New advances in small-scale generation and consumption technologies have shifted conventional buildings’ functionality towards energy-efficient active buildings (ABs). Such developments drew the attention of researchers all around the world, resulting in a variety of publications, including several review papers. This study conducts a systematic literature review so as to analyse the concepts/factors enabling active participation of buildings in the energy networks. To do so, a relatively large number of publications devoted to the subject are identified, introducing the taxonomy of control and optimisation methods for the ABs. Then, a study selection methodology is proposed to nominate potential literature that has investigated the role of ABs in the energy networks. The modelling approaches in enabling flexible ABs are identified, while the potential challenges have been highlighted. Furthermore, the citation network of included papers is illustrated by Gephi software and analysed using “ForceAtlas2” and “Yifan Hu Proportional” algorithms so as to analyse the insights and possibilities for future developments.
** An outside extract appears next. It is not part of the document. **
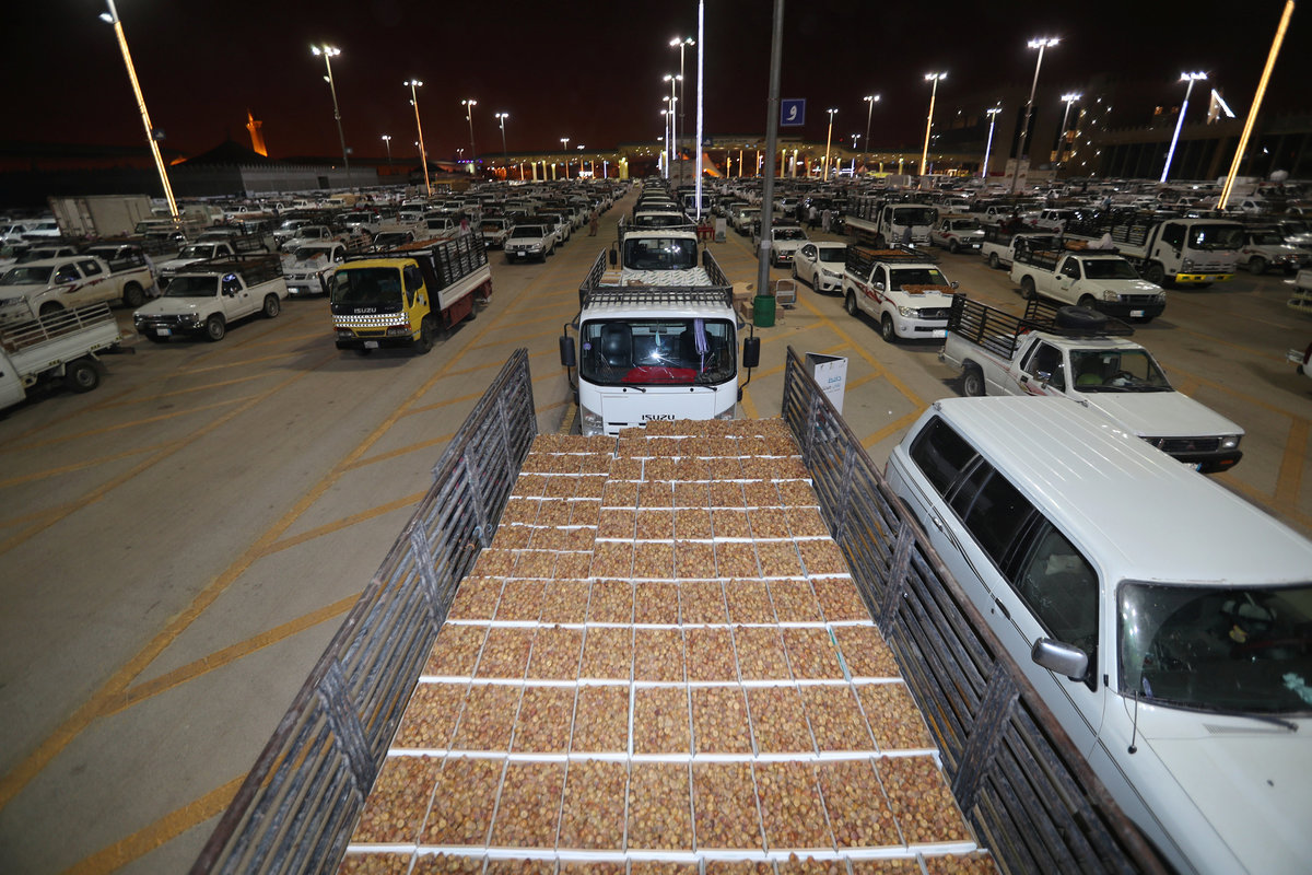 Trucks are seen lined up with dates early hours for an auction to begin during the world's largest dates festival, "Buraidah Dates Festival" at Buraidah in al-Qassim, Saudi Arabia August 29, 2018. REUTERS/Hamad I MohammedA Saudi man auctions his farm dates during the worldÕs largest dates festival, "Buraidah Dates Festival" at Buraidah in al-Qassim, Saudi Arabia August 29, 2018. REUTERS/Hamad I MohammedTrucks are seen lined up with dates early hours for auction to begin during the world's largest dates festival, "Buraidah Dates Festival" at Buraidah in al-Qassim, Saudi Arabia August 29, 2018. REUTERS/Hamad I MohammedA Saudi man auctions his farm dates during the world's largest dates festival, "Buraidah Dates Festival", at Buraidah in al-Qassim, Saudi Arabia August 29, 2018. REUTERS/Hamad I Mohammed

The survey results provide a clear answer to the research question around the potential flexibility that can be offered by ABs to the energy grids, and highlights possible prospective research plans, serving as a guide to research and industry.

Suggested Citation

  • Saman Nikkhah & Adib Allahham & Janusz W. Bialek & Sara L. Walker & Damian Giaouris & Simira Papadopoulou, 2021. "Active Participation of Buildings in the Energy Networks: Dynamic/Operational Models and Control Challenges," Energies, MDPI, vol. 14(21), pages 1-28, November.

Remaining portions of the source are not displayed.